Iravani, Amir / Osman, Medhat M / Weppler, Alison M / Wallace, Roslyn / Galligan, Anna / Lasocki, Arian / Hunter, Morgan O / Akhurst, Tim / Hofman, Michael S / Lau, Peter K H / Kee, Damien / Au-Yeung, George / Sandhu, Shahneen / Hicks, Rodney J. ·Cancer Imaging, Peter MacCallum Cancer Centre, 305 Grattan Street, Melbourne, VIC, 3000, Australia. amir.iravani@wustl.edu. · Sir Peter MacCallum Department of Oncology, University of Melbourne, Melbourne, VIC, Australia. amir.iravani@wustl.edu. · Division of Nuclear Medicine, Department of Radiology, Saint Louis University Hospital, St. Louis, MO, USA. · Department of Medical Oncology, Peter MacCallum Cancer Centre, Melbourne, VIC, Australia. · Cancer Imaging, Peter MacCallum Cancer Centre, 305 Grattan Street, Melbourne, VIC, 3000, Australia. · Sir Peter MacCallum Department of Oncology, University of Melbourne, Melbourne, VIC, Australia. · Department of Biostatistics and Clinical Trials, Peter MacCallum Cancer Centre, Melbourne, VIC, Australia. ·Eur J Nucl Med Mol Imaging · Pubmed #32338306.

ABSTRACT: PURPOSE: We aimed to investigate the role of FDG-PET/CT in monitoring of response and immune-related adverse events (irAEs) following first-line combination-immune checkpoint inhibitor (combination-ICI) therapy for advanced melanoma. METHODS: We retrospectively reviewed outcomes in patients who had (1) first-line nivolumab plus ipilimumab; (2) pre- and post-treatment FDG-PET/CT scans (pre-FDG-PET/CT and post-FDG-PET/CT) within 2 and 4 months of starting ICI, respectively; and (3) at least one lesion assessable by PET response criteria in solid tumors (PERCIST).
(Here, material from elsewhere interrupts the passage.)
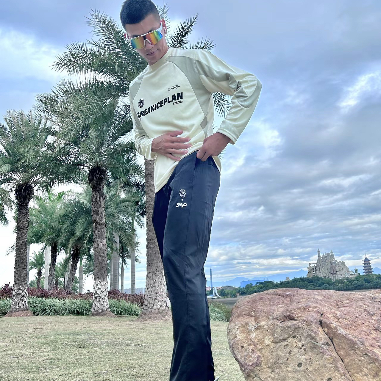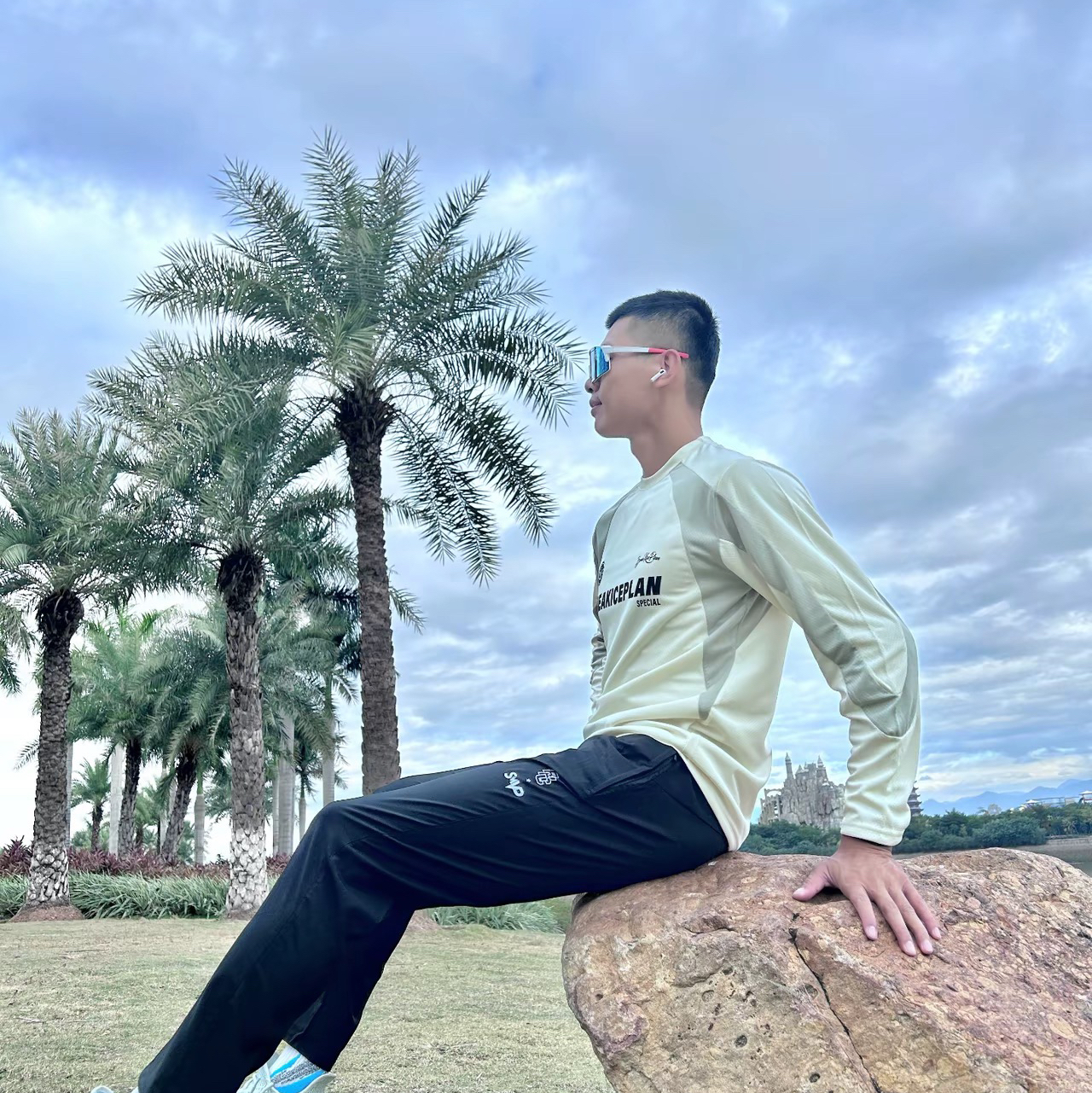 健身也要穿的帅呀~米白色长袖配白色欧文长裤,印第安纳风格的长裤印花很狂野,举铁时候感觉自己也狂野起来!弹性十足,深蹲时就喜欢穿弹力大的,充血了也不怕卡,透气性也很好。日常健身必备哦~ 图片来源于@原来是18啊

Extracranial response was monitored by 3 monthly FDG-PET/CT. Whole-body metabolic tumor volume (wbMTV) was measured pre- and post-treatment and correlated with outcome. FDG-PET/CT manifestations of irAE were defined as new increased non-tumoral uptake on post-FDG-PET/CT and were correlated with clinical presentation. RESULTS: Thirty-one consecutive patients, median age 60 years (range, 30-78), were identified from 2016 to 2018. The median number of combination-ICI cycles to the first post-FDG-PET/CT response assessment was 3 (interquartile range (IQR), 2-4). The best-overall responses were complete metabolic response (CMR) in 25 (80%), partial metabolic response (PMR) in 3 (10%), and progressive metabolic disease (PMD) in 3 (10%) patients. Patients with PMD had significantly higher pre-treatment wbMTV (p = 0.009). At a median follow-up of 21.5 months, 26 (84%) patients were alive with median progression-free and overall survival not reached. Secondary progression occurred in 9/31 (29%) patients at a median of 8.2 months (IQR, 6.9-15.5), of those majority (78%) was detected by FDG-PET/CT. Of 36 findings on post-FDG-PET/CT suggestive of irAE, 29 (80%) had clinical confirmation. In 3 (7%), the FDG-PET/CT findings preceded clinical presentation. The most common FDG-PET/CT detectable irAEs were endocrinopathies (36%) and enterocolitis (35%). CONCLUSION: FDG-PET/CT response evaluation predicts the long-term outcome of patients treated with first-line combination-ICIs. Long-term treatment response monitoring for detection of extracranial secondary progression is feasible by FDG-PET/CT. Beyond response assessment, FDG-PET/CT frequently detects clinically relevant irAEs, which may involve multiple systems contemporaneously or at various time-points and may precede clinical diagnosis.